許甜甜擔憂的問了兩句,並不想聽見他的回答,心想有什麼事去醫院見到純純再說。

掛了電話,許甜甜也顧不得吃早餐,衝進浴室裡刷牙洗臉,又回到房間抓起一件外套穿上,著急的離開家趕往醫院。

樑上君剛掛了電話,夏純就醒了來,見她睜開眼,他嘴角一勾,笑意溫柔地開口:

“純純,怎麼醒了,餓不餓,豬姨正在送早餐來的路上,你稍等一會兒,她很快就來了。”

清晨醒來能看見他在身邊,夏純心裡暖暖地,臉上也不自覺的揚起一抹笑,可視線觸及他下巴長出的鬍渣時,又微微蹙眉,心疼地問:

“你昨晚沒睡覺嗎?”

樑上君臉上的笑意如漣漪般一圈圈地擴散,一直蔓延至深邃的眸子裡,骨節分明的大掌輕輕撫上她的臉頰,替她把掉落在臉頰上的一縷髮絲別到耳後,溫柔地說:

“我睡覺了,昨晚趴在這裡睡的。”

夏純心裡微微一緊,是了,昨晚她半夜醒來後,又被他哄睡,她竟然忘了讓他上、床睡。

“現在幾點了,你該去上班了吧?”

夏純看了眼窗外,儘管窗簾遮得嚴嚴實實,但外面還是天色大亮了,估摸著應該有七點鐘左右。

樑上君有些不捨,大掌自她臉上收回,改為握著她柔軟的小手,輕聲說:

“我是要去上班,還有很重要的事要做,純純,剛才甜甜給你打電話,我已經讓她來陪你了,豬姨也快到了,處理完事情我再來看你,你有什麼事就給我打電話,要是肚子不舒服什麼的,一定要告訴醫生,知道嗎?”

剛才她還沒醒護士就已經來查過一次房了。

夏純點頭,輕聲答道:

“你不用擔心我,我自己都是護士,知道該注意些什麼,倒是你,昨晚沒睡好,你可小心些。”

“嗯,我先叫護士過來陪著你。”

話落,他就要起身,夏純卻突然反手抓住他,樑上君微微一怔,垂眸溫柔地看著她,聽見她問:

“君子,司翰宇,是不是會被判死刑?”

說實在的,樑上君不希望夏純關心司翰宇。

聽見她這句話,他俊毅的眉心微蹙了下,明知不該吃醋,可心裡還是忍不住打翻了醋罈子,但也只是瞬間的表情,眨眼他便恢復了平靜,溫潤地說:

“這件事情現在還很複雜,純純,司翰宇會判多重的刑不是我說了算,得由法官決定。”

夏純眸色微微一黯,鬆開他的手。

他的心像是被貓抓了一下,突然一慌,語氣比剛才多了一絲嚴肅和複雜情緒:

“純純,我知道你心裡內疚,覺得自己出賣了司翰宇,但是純純,我現在告訴你,你做的這一切是對的,你不是害他,是在幫他。司翰宇這幾年幹了太多違法的事,傷害了太多無辜的人,接受法律制裁是早晚的事,就算你不給我那些證據,我們也會收集到他犯罪的證據……”

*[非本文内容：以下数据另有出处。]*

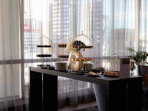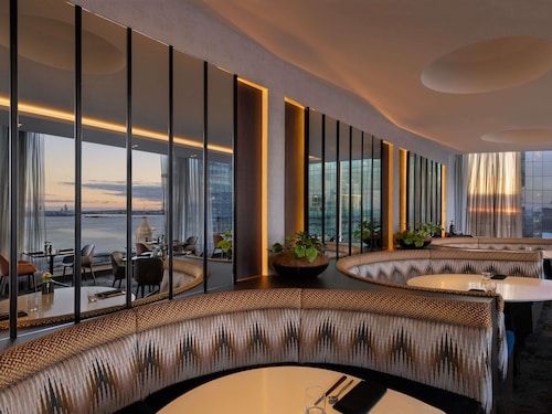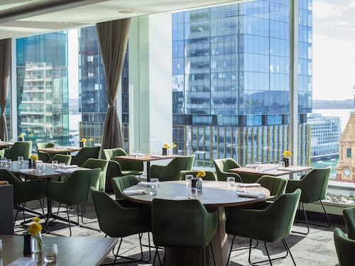 オークランド港を含む海の景色が一望できます。反対側には高層ビルとスカイタワーが迫るような迫力で見られます。宿泊していない人でもレストランは使えるのでここでの食事はお勧めです。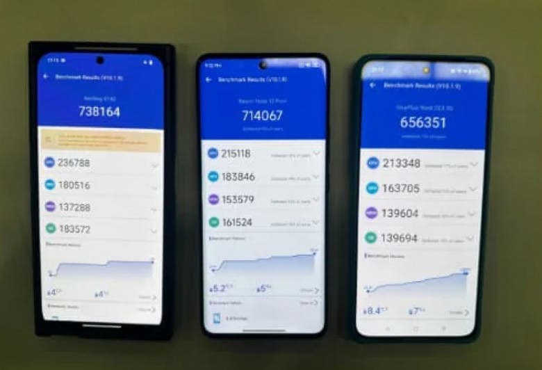 Το τηλέφωνο (2a) (πρώτο από αριστερά προς τα δεξιά) σημείωσε εντυπωσιακά 738.164 στο AnTuTu 10 με 236.788 πόντους στη δοκιμή CPU και 180.516 πόντους στο κομμάτι της GPU. Η λίστα αποκαλύπτει επίσης βαθμολογία 137.288 στο τμήμα μνήμης και 183.572 πόντους στο τμήμα UX. Με βάση τις τελευταίες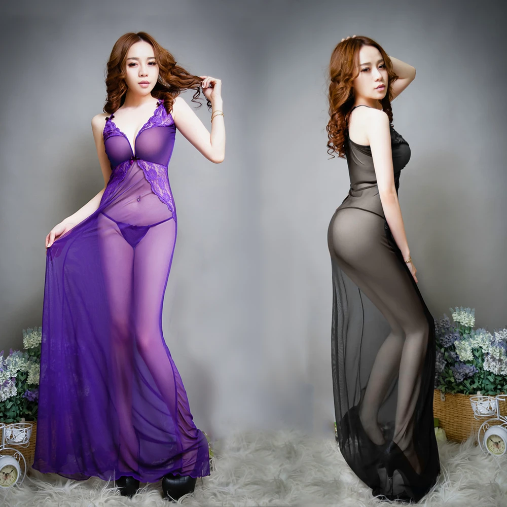 Соблазнительное длинное платье с глубоким V-образным вырезом, женское эротическое нижнее белье, элегантные платья для сна, женская прозрачная сетчатая ночная рубашка для женщин

夏純知道他說的這些都對,但那是站在他的角度,不是她。

見他眸色擔憂的看著自己,她又扯起一抹笑,故作輕快地說:

“我沒事,你去上班吧,不用叫護士來陪我。”

樑上君微微抿脣,彎腰,在她額頭親了一下,想了想,還是說:

“等把司翰宇抓捕歸案後,我會勸他主動交代,儘量替他求情的。”

他不想純純因為這件事內疚一輩子,不想司翰宇這個人存在於她心裡,不管是哪一種方式,他都不願意。

手機鈴聲又響了起來,他掏出看見是歐陽墨軒打來的電話,便按下接聽鍵,淡淡地喂了一聲。

“君子,我們已經抓捕了譚明淵,今天一早紀委就收到關於司成耀的檢舉信……”

昨晚吃飽喝足的歐陽墨軒精神十分好,連聲音似乎都比平日更加的清朗愉悅,樑上君只是不時的嗯一聲,聽完說的事後,他說了句“一會兒再說。”便掛了電話。

垂眸看去,夏純正定定地看著他,對上她清澈如水的眸子,他想要說的話又咽回了肚子裡,最後還是決定晚兩天再告訴她。